- Created by: Klaus Emmerich Peter Stripp (Writer)
- Music by: Irmin Schmidt
- Country of origin: West Germany
- No. of seasons: 2
- No. of episodes: 9 (Red earth) and 4 (Red earth II)

Production
- Running time: 60 minutes (Red Earth) 90 minutes (Red Earth II)

Original release
- Network: Das Erste
- Release: 1983 – 1989

= Rote Erde (TV series) =

West German television series

Rote Erde (German for "Red Earth") is a West German television series consisting of 13 episodes (total playing time about 15 hours), the 1983 (first season: Red Earth, 9 parts) and 1989 (second season: Red Earth II, 4 parts), all directed by Klaus Emmerich. The camera was led by Joseph Vilsmaier and Theo Bierkens. The title music was composed by Irmin Schmidt.
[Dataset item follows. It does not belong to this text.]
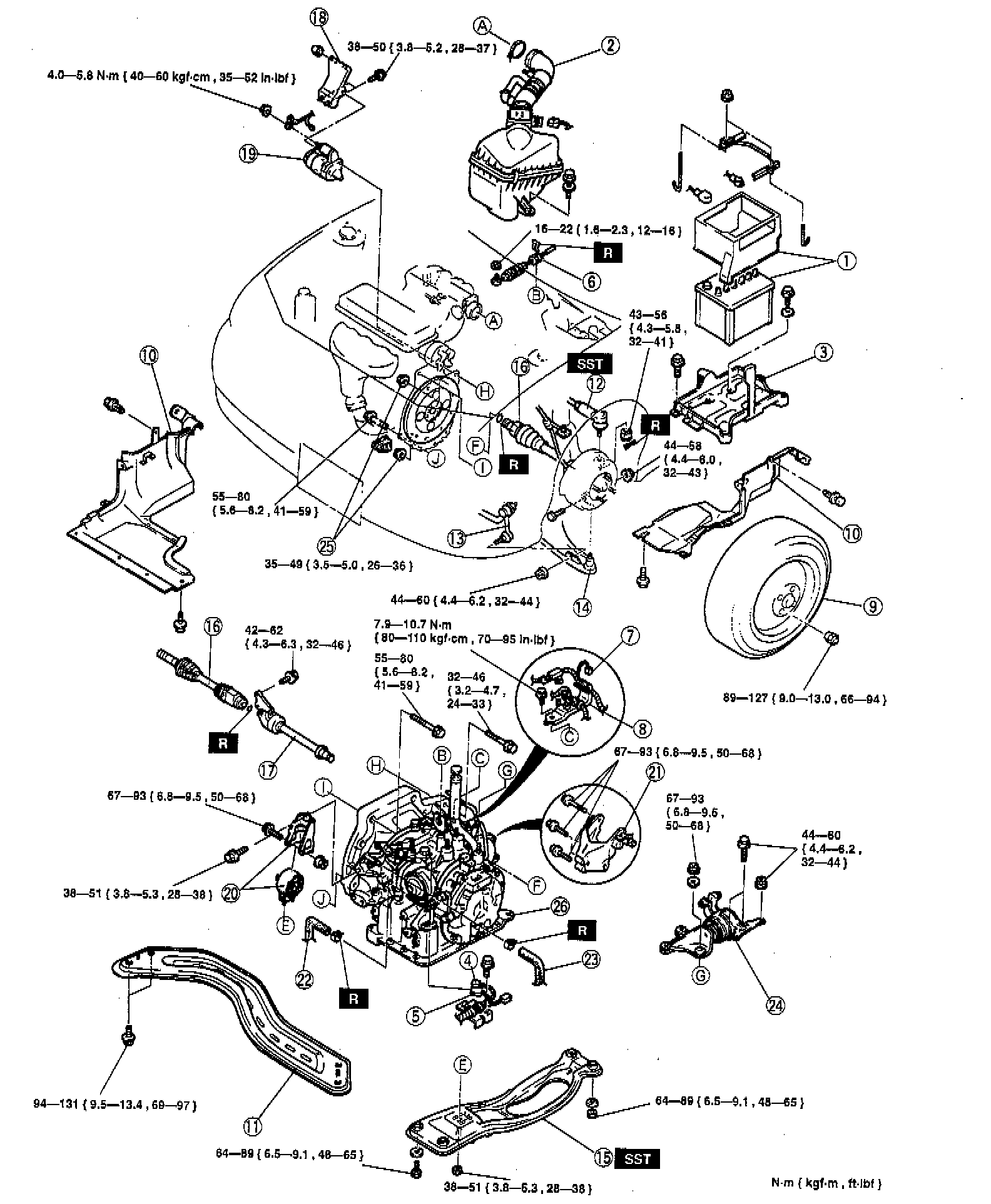 4. Tighten the nuts of transaxle side to 67 - 93 Nm (50 - 68 ft. lbs.).

The German premiere was on (ARD) channel at 23 October 1983. The last episode was screened on 4 March 1990.

The subject of the series is the story of a fictional family of miners in the Ruhr area over a period of about 70 years between the end of the 19th and the mid 20th century, against the background of the history of the German Empire from the Empire to the Weimar Republic to the end of the Nazi dictatorship .
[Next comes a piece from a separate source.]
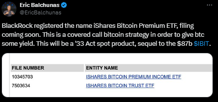 贝莱德申报iShares比特币溢价ETF——备兑认购型现货BTC基金。 | 来源:Eric Balchunas, X
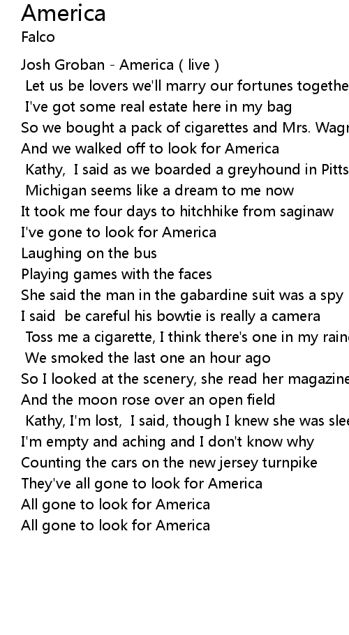| [03:07.54] | They've all gone to look for America |

The shooting took place in the studios and on the grounds of the Bavaria-Film am Geiselgasteig near Munich. The elaborately designed exterior backdrops stood until 1996.

In 1984, Peter Stripp (writer), and Klaus Emmerich, received an honorable mention for the series at the Adolf Grimme Award ceremony

==Content==
===Red Earth===
The farmer Bruno Kruska comes, attracted by advertisers, at 17 years of Pomerania in the Ruhr area to work there as a miner on the pit Siegfried. First as a tug, later as a hawker, Bruno finds the work hoped for and witnesses the events surrounding the Siegfried colliery before the turn of the century. He marries Pauline, the daughter of the miner Friedrich Bötzkes. His son Karl developed into a Social Democrat in the imperial era, overran his father and leaves the family. He becomes union official and finally member of the Reichstag, Bruno is critical of the activities of the Social Democrats and can not be taken. He is drafted into the First World War, but is called back from the front for mining.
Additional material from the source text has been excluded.